Work required: Lines from the one containing "Slika 8: Uporaba" through the last line of the records below are to be repeated exactly.

Stored dataset items:
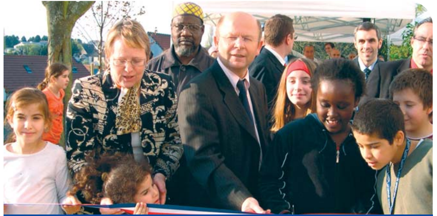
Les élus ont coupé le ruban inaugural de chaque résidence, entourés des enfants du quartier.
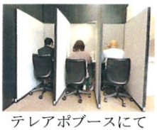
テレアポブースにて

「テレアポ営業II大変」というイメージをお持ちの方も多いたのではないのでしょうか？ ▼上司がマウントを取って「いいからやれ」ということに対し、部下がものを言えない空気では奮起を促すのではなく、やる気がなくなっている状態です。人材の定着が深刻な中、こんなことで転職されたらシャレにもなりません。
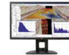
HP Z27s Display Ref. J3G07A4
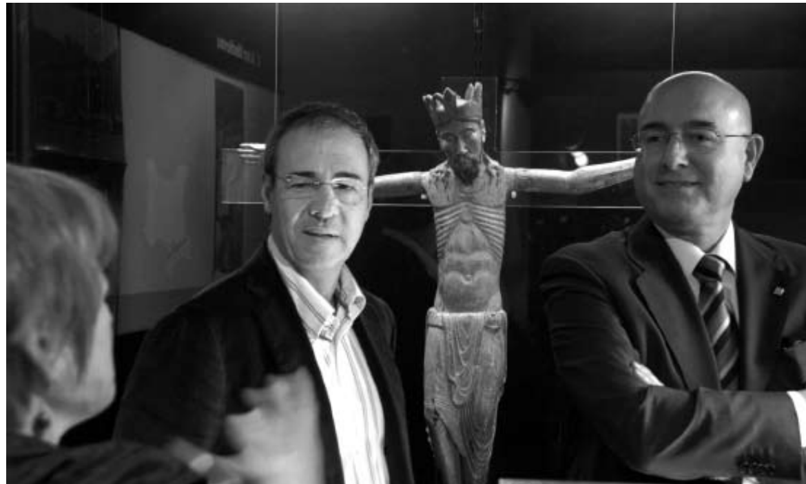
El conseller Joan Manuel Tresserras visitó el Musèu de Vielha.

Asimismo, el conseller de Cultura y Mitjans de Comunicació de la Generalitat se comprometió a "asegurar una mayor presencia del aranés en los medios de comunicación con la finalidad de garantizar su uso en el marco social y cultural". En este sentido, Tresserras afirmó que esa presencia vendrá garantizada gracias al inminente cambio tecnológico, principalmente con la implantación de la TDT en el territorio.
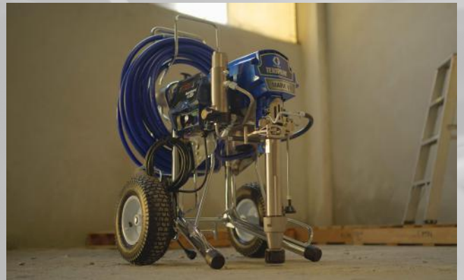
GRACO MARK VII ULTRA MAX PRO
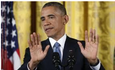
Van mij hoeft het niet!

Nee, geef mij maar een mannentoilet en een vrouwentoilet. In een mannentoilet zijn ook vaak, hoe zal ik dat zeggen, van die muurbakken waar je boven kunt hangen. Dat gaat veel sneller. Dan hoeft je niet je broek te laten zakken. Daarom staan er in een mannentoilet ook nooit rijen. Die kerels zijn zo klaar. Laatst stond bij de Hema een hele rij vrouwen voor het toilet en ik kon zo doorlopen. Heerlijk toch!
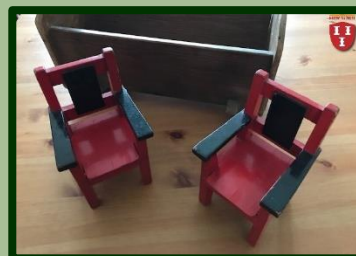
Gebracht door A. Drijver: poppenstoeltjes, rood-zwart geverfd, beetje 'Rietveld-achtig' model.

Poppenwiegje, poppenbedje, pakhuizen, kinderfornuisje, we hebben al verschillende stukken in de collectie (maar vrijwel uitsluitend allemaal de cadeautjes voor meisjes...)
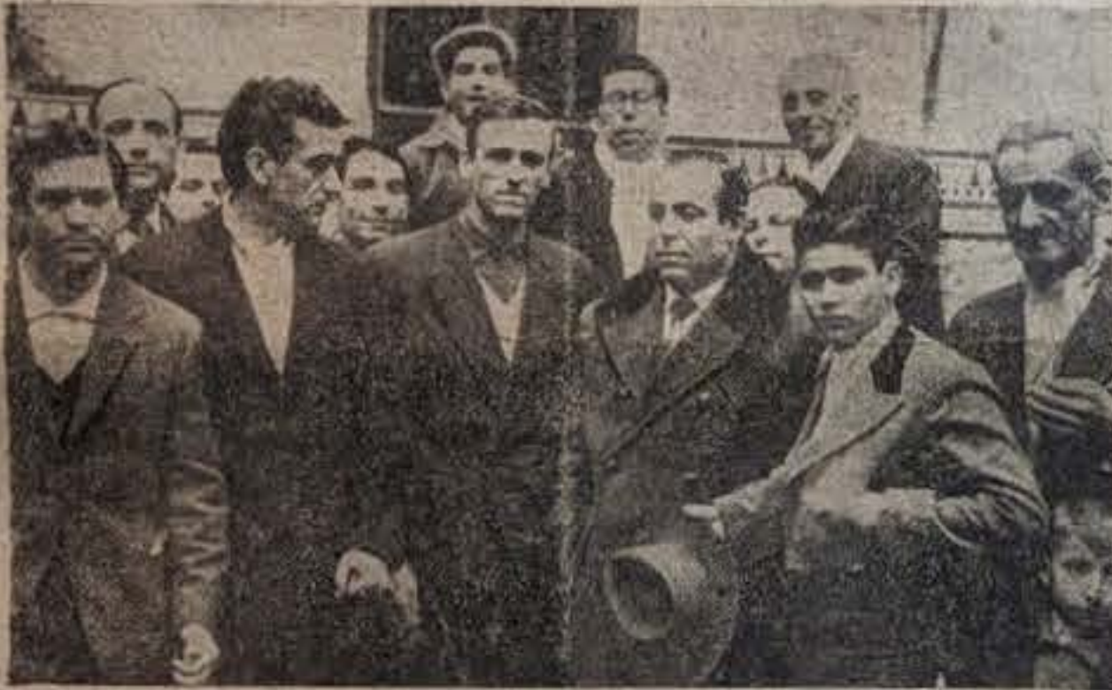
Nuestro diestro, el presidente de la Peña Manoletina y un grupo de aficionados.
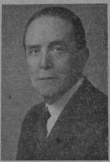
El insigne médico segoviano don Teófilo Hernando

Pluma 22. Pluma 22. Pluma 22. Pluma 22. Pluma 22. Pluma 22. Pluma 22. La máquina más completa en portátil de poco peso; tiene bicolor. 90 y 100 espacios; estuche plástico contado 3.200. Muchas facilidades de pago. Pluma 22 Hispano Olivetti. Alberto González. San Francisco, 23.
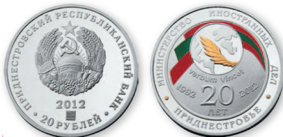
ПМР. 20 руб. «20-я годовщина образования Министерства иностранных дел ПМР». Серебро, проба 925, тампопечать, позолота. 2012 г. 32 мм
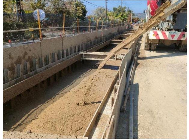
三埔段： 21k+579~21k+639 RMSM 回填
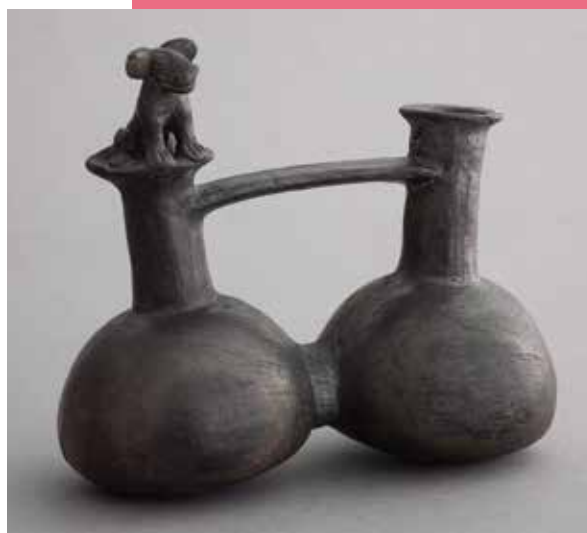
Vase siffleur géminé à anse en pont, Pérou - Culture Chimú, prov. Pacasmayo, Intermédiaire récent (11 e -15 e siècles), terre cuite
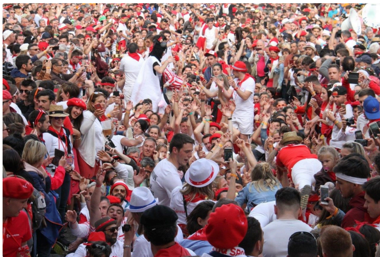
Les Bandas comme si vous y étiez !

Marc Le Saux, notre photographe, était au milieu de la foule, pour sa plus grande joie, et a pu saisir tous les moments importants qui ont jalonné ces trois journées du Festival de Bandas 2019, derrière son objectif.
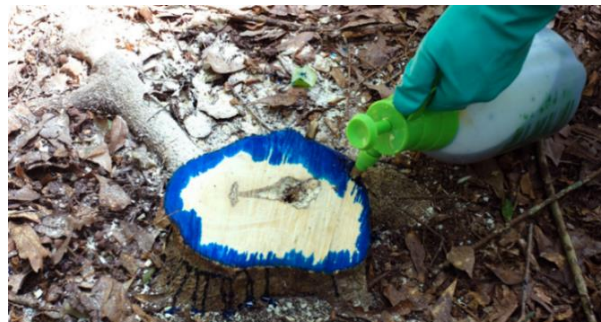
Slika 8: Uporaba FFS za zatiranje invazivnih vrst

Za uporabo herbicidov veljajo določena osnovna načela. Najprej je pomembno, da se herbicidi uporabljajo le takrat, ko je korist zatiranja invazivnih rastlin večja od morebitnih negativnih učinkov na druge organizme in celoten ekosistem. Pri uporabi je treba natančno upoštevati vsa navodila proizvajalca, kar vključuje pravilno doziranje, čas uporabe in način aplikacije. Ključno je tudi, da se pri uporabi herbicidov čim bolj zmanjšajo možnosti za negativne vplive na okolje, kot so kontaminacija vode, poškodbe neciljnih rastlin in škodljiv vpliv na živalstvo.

Reply:
Slika 8: Uporaba FFS za zatiranje invazivnih vrst

Za uporabo herbicidov veljajo določena osnovna načela. Najprej je pomembno, da se herbicidi uporabljajo le takrat, ko je korist zatiranja invazivnih rastlin večja od morebitnih negativnih učinkov na druge organizme in celoten ekosistem. Pri uporabi je treba natančno upoštevati vsa navodila proizvajalca, kar vključuje pravilno doziranje, čas uporabe in način aplikacije. Ključno je tudi, da se pri uporabi herbicidov čim bolj zmanjšajo možnosti za negativne vplive na okolje, kot so kontaminacija vode, poškodbe neciljnih rastlin in škodljiv vpliv na živalstvo.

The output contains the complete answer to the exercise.